Paradoxically, China, despite its immenseness, is no longer enough for Alibaba. According to Evans, domestic e-commerce spending has almost reached that of American e-commerce spending. Eight packages out of ten pass through their infrastructure. But to move the financial figures, new clients outside of national boundaries are needed. Clients and not products because Alibaba is a strange giant.

The company itself has a bit of everything: e-commerce, cloud computing, a search engine, telephone transmission.

But its main asset is its business model linked to sales. In this sense, Alibaba is not a traditional e-commerce company.

The Taobao portal puts the consumers directly in contact with each other.
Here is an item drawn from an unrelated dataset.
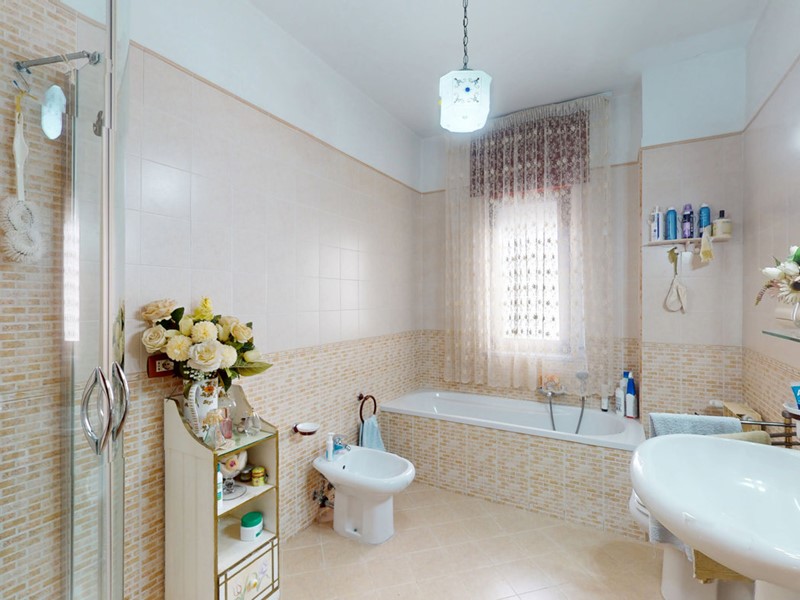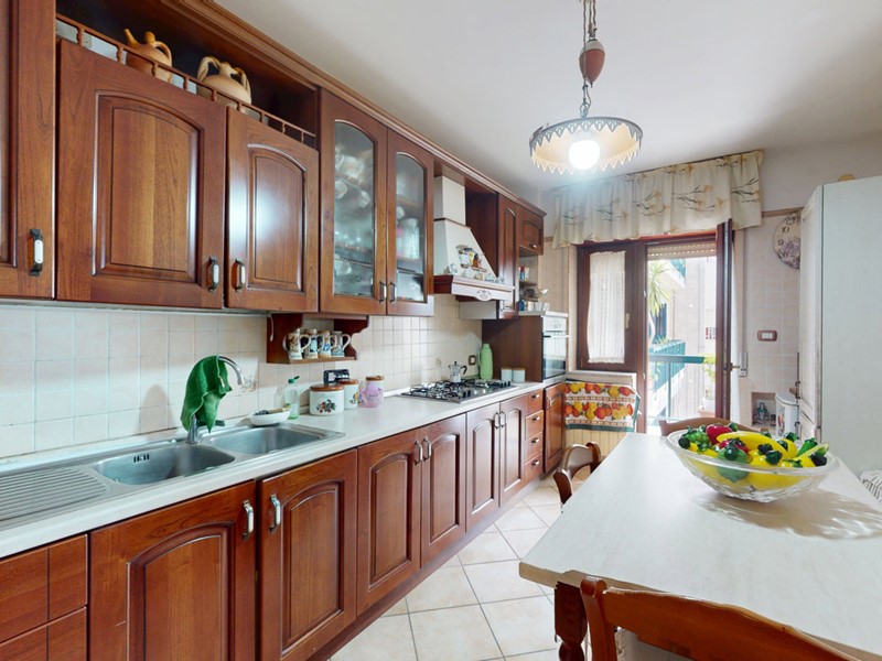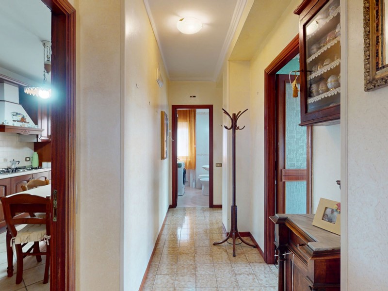 La distribuzione interna è così composta: ampio ingresso, soggiorno doppio, cucina abitabile, tre camere da letto (tutte con accesso ai balconi) e due bagni. Gli ambienti risultano ampi, luminosi e ben distribuiti, garantendo comfort e funzionalità.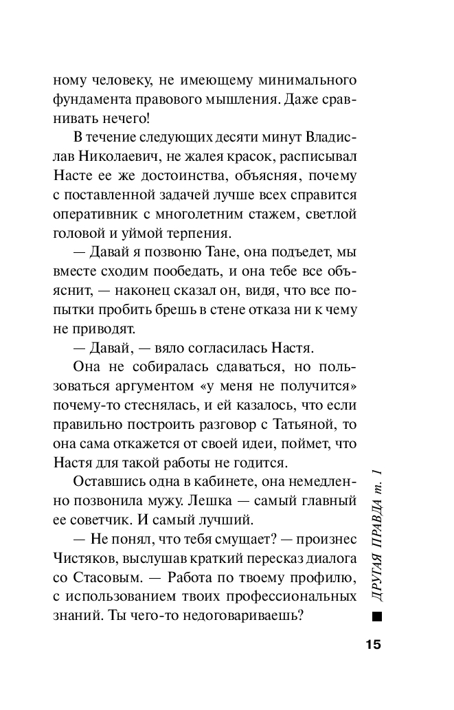 По прошествии двадцати лет старое уголовное дело попадает в руки легендарного оперативника в отставке Анастасии Каменской и молодого журналиста Петра Кравченко. Парень считает, что осужденного подставили, и стремится вывести следователей на чистую воду. Тут-то и выясняется, что каждый в этой истории движим своей правдой, порождающей, в свою очередь, тысячи видов лжи...

It is a marketplace, conceptually it is a showcase, a digital bazar conceptually similar to eBay. It hosts the companies on its portal and earns from the transactions, retaining a fee from the buyer. Unlike Amazon, it does not own products and does not manage warehouses and distribution centers.

From a financial perspective, its model makes it more profitable. Amazon must make huge investments in infrastructure, in the management of personnel and operates on a thinner profit margin.

Alibaba has a lighter model but less of a control on the quality of the product. Alibaba guarantees the quality of the producers and distributors, assigning the title of “Gold Supplier.”

In February 2011, a scandal broke out when Alibaba admitted to having granted this title to 2,236 suppliers who ended up cheating their customers. The scandal resulted in resignations but highlighted how the activity of Alibaba is based on the buyers’ trust in the suppliers, and on the suppliers’ trust regarding the value of the guarantees purchased by them.